The film was shot over a period of thirty-three days in the Bawali Rajbari built by the Bawali Raj, and other locations near Kolkata and Mumbai. Siddharth Diwan led the cinematography. With inputs from Dutt, the artwork of Raja Ravi Varma and Caravaggio were used as inspiration, in addition to influences from Expressionism and Surrealism. Diwan also took inspiration from photographers like Man Ray and Raja Deen Dayal. Satyajit Ray's poster of the film Devi was an inspiration for the lighting. Some examples of symbolism used include the grass, kaash phool, the bird and flower motifs, all significant to the goddess Durga. The mansion used in the film is Bawali Rajbari, located 30 km from Kolkata in the village of Nodakhali. The mansion has previously featured in the film Chokher Bali by Rituparno Ghosh.

==Themes==
Set in the late 19th century in Bengal, the film delves into the idea of aristocratic Bengali women embracing ideologies of freedom. Aruna Chakravarti's Jorasanko described Tagore's relationship with his sister-in-law, the child-bride Kadambari, which Shreya Paul of Firstpost noted as the foundation behind the relationship between Bulbbul and Satya. Chakravarti described how Kadambari was devastated when she was separated from Tagore (due to his marriage). Further, Tagore's older brother, Birendranath, suffered from a mental illness but was still married off and abused his wife, similar to Binodini being married off to Mahender.
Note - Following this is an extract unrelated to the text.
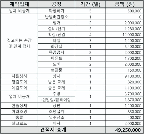 맘대로 신혼집 리모델링 1화에서 공사별 공사범위를 확실히 정했다면 그에 맞는 업체를 찾아야겠죠? 이번에는 공정별 업체선택 방법부터 견적서까지 최대한 자세히 소개해드릴게요! (※스

Aditya Mani Jha of Firstpost noted that the film is "a postmodern example of the Gothic genre", the most common example of which is Bram Stoker's Dracula. Satya is similar to Jonathan Harker, the protagonist of Dracula, in that they have the same "cold, unemotional logic" that leads them to investigate the case (much like Sherlock Holmes) and eventually decide to kill the monster themselves. The supernatural element (chudail in this case) embodying repressed emotions or desires is a trope of the Gothic genre. Bulbbul's disclosure as the chudail frames her like a goddess, specifically like Kali. Binodini subtly planting the idea of Bulbbul and Satya in Indranil's head makes her similar to Iago.

== Reception ==

Bulbbul opened up to generally positive reception from the critics with a particular praise for its stand on feminism.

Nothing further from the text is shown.